Suppose that conditions 1–3 and the statements a)–c) below hold true:

  1. a)

    \(h^{\prime }_+(t,\bar x, \xi (t))- \mathbb {E} h^{\prime }_+(t,\bar x, \xi (t))\) and \(h^{\prime }_-(t,\bar x, \xi (t))- \mathbb {E} h^{\prime }_-(t,\bar x, \xi (t))\) , t ∈ [0, T]

    satisfy the strong mixing condition with the mixing coefficient [ 1 ]

    $$\displaystyle \begin{aligned} \alpha(\tau)\leq \frac{c_0}{ 1+ \tau^{1+\epsilon}}, \quad \epsilon>0,\quad \tau>0. \end{aligned}$$
  2. b)

    there exists δ > 2/𝜖 such that for any t > 0

    $$\displaystyle \begin{aligned} \mathbb{E} |h^{\prime}_+(t,\bar x, \xi(0))|{}^{2+\delta} <\infty, \quad \mathbb{E} |h^{\prime}_-(t,\bar x, \xi(0))|{}^{2+\delta} <\infty. \end{aligned}$$
  3. c)
    $$\displaystyle \begin{aligned} g^{\prime}_{T+} (\bar x) \to F^{\prime}_+(\bar x), \quad g^{\prime}_{T-}(\bar x) \to F^{\prime}_- (\bar x), \quad T\to \infty. \end{aligned}$$

Then

$$\displaystyle \begin{aligned} \mathbb{P} \{ F^{\prime}_{T+} (\bar x) \to F^{\prime}_+ (\bar x), \quad T\to\infty\}=1, \end{aligned}$$
$$\displaystyle \begin{aligned} \mathbb{P} \{ F^{\prime}_{T-} (\bar x) \to F^{\prime}_- (\bar x), \quad T\to\infty\}=1. \end{aligned}$$

The proof is analogous to that of Lemma 2 [5] in the discrete time setting.

Theorem 7

Suppose that conditions of Lemma 2 hold true.

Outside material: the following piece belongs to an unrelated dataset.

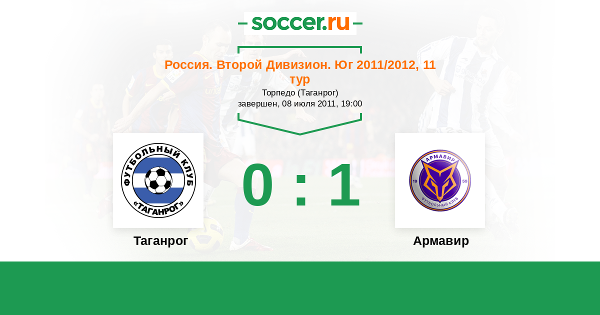 Россия. Вторая лига. Группа 1 18.04.2012 Торпедо Армавир Логотип футбольный клуб Торпедо Армавир 2:2 Логотип футбольный клуб Таганрог Таганрог
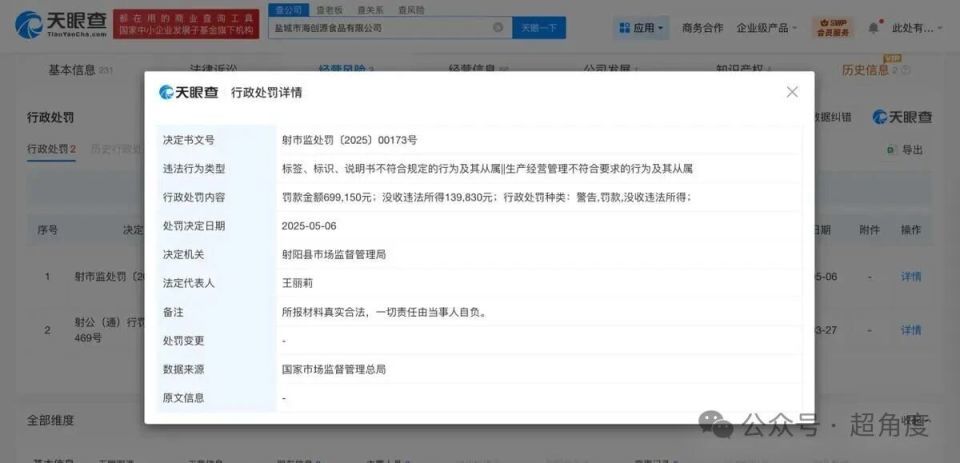 相比之下,食品领域的造假行为迎来了更直接的行政处罚。针对“保水虾仁”增重乱象,盐城市海创源食品有限公司付出了沉重代价。天眼查App显示,该公司于2025年5月因标签标识不符及管理违规,被射阳县市场监督管理局罚款约69.9万元,并没收违法所得约14万元。

Then with probability 1 there exists T  = T (ω) such that for any T > T problem (15) has the unique solution x T and \(x_T= \bar x\).

Proof

By assumption 2,

$$\displaystyle \begin{aligned} F^{\prime}_{+}(\bar x ) \geq e, \quad F^{\prime}_-(\bar x)\geq e. \end{aligned}$$

By Lemma 2,

$$\displaystyle \begin{aligned} F^{\prime}_{T+}(\bar x) >0, \quad F^{\prime}_{T-} >0 \end{aligned}$$

with probability 1, starting from some T . Since the function F T (x) is convex, \(\bar x\) is the unique minimum point of the function F T (x). Theorem is proved.

Now we turn to the large deviation problem for (15).

Theorem 8

Suppose that condition 2 and the assumptions below hold true:

  1. a)

    the family {ξ(t), t ∈ [0, T]} satisfies the conditions of hypothesis (H-1).

  2. b)

    there exists L > 0 such that for all t ∈ [0, T] and y  Y 

    $$\displaystyle \begin{aligned} |h^{\prime}_+(t,\bar x, y)|\leq L, \quad |h^{\prime}_-(t,\bar x, y)|\leq L. \end{aligned}$$

Then

$$\displaystyle \begin{aligned} \lim_{T\to \infty} \sup \frac{1}{T} \ln \big( \mathbb{P}\{ B_T^c \}\big) \leq -\inf_{g\in F} \varLambda^+(g), \end{aligned}$$

where

$$\displaystyle \begin{aligned} \varLambda^+(g) = \sup \{ g(x)- \varLambda(\varOmega), \quad \varOmega \in \mathbb{E} (x)\}, \end{aligned}$$
$$\displaystyle \begin{aligned} \varLambda(\varOmega)= \lim_{T\to \infty} \frac{1}{T} \ln \left[ \int_\varOmega \exp \Big\{ \varOmega(x)\int_0^T \min [ h^{\prime}_+ (t,\bar x, \xi(t)), h^{\prime}_- (t,\bar x, \xi(t))] \Big\} d\mathbb{P}\right], \end{aligned}$$
$$\displaystyle \begin{aligned} B_T:=\{ \omega: arg\min_{x\in X} F_T (x)=\{\bar x\}\}, \end{aligned}$$
$$\displaystyle \begin{aligned} B_T^c =\varOmega\backslash B_T. \end{aligned}$$

The proof follows the same line as that of Theorem 3 [6], with using Theorem 4.

Remark 2

Note that the statements of Theorems 5 and 6 for non-stationary observation model also hold true. The proofs are analogous to those of Theorems 5 and 6.